Nathan noted the new intel but returned his focus to the rest of Rooster's statement. "And this other individual - Vince. He's got Ackmeyer now? Vince decide to run solo or something?"



Rooster nodded. "He was lookin' to make a ransom when he contacted me this morning. Never heard the dude so fired up and cocky. Said Ackmeyer was some kind of genius. Said he invented some kind of UV technology shit that was worth a fortune to the right buyer."



Although Nathan had a cursory awareness of Jeremy Ackmeyer's public resume and his contributions to the science and technology arenas, word of an invention of the type Rooster just mentioned came as a surprise. A very disturbing one.



He said nothing in reaction to this news, his mind playing out a host of possibilities that might come out of a scientific breakthrough involving ultraviolet light. None of them good where the Breed was concerned. And he could only imagine the kind of interest the availability of such technology might attract.



"What else do you know about Vince's plans to ransom Ackmeyer? Did he mention who he was looking at as potential buyers?" Nathan peered at the twitchy informant with assessing eyes. "Let me guess. That's why Vince got in touch with you - to put him in front of someone who might want the deal he had to offer."



Rooster swallowed, still wincing at the pain Nathan was inflicting. "He promised me a cut of his take, so I made some calls. I don't know who took the bait.
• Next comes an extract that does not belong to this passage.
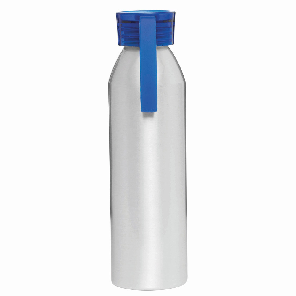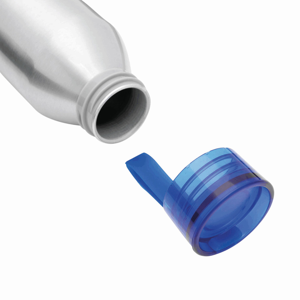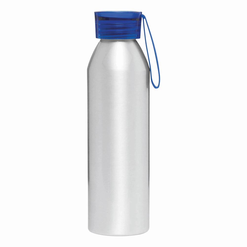 Aluminium Trinkflasche COLOURED: farbiger Kunststoffdeckel mit Schraubverschluss, Silikonschlaufe, Füllmenge ca. 650 ml.

All's I did was put the word out."



Nathan felt justified in killing Rooster for that offense alone, but he still had Mira to think about. "What about the female? Was Vince looking to turn some kind of profit on her head too?"



"Like I said, man, I don't know nothin' about her. Only what Vince said when I saw him today."



"And what was that?" Nathan all but snarled.



"He said Bowman seems to be having a real good time with her." This Rooster announced with remarkably reckless amusement. He chuckled, even through the pain he was enduring. "Don't ask me to feel sorry for the bitch. After what she did to me the other night, far's I'm concerned, she can suck my dick too."



Nathan's fury stunned him, it roared up so violently inside him. It seethed through his veins, although it was clear from Rooster's continued blathering, the human didn't sense the sudden shift in the air from dangerously tense to lethal still.



He went on, his stupidity far greater than Billy's ill-intended move to defend himself against certain death. "I hope she's gettin' it real good. I hope she got it from Vince and all the rest of Bowman's crew too. Teach that uppity bitch a lesson, put her in her fuckin' place."



Nathan's control snapped, just like that, but outwardly he didn't so much as blink.



He released Rooster's arms and grabbed his head between both palms. Then gave a twist, severing the human's spinal column in one swift twitch of his hands.



He let the body drop, and Rooster's head with its bright red comb of hair flopped at a grotesque angle in the dead man's lap.



Then Nathan turned and calmly walked out of the dump and into the night to continue his mission.



Chapter Sixteen



THEY HAD BEEN IN THE CITY FOR MORE THAN AN HOUR, BUT so far, Rooster was as good as a ghost. He wasn't at his apartment. Hadn't been seen all day, according to the lowlifes he tended to hang with, dealing drugs or fencing electronics down in West Roxbury. No one had seen or heard from him since he'd run with them the night before.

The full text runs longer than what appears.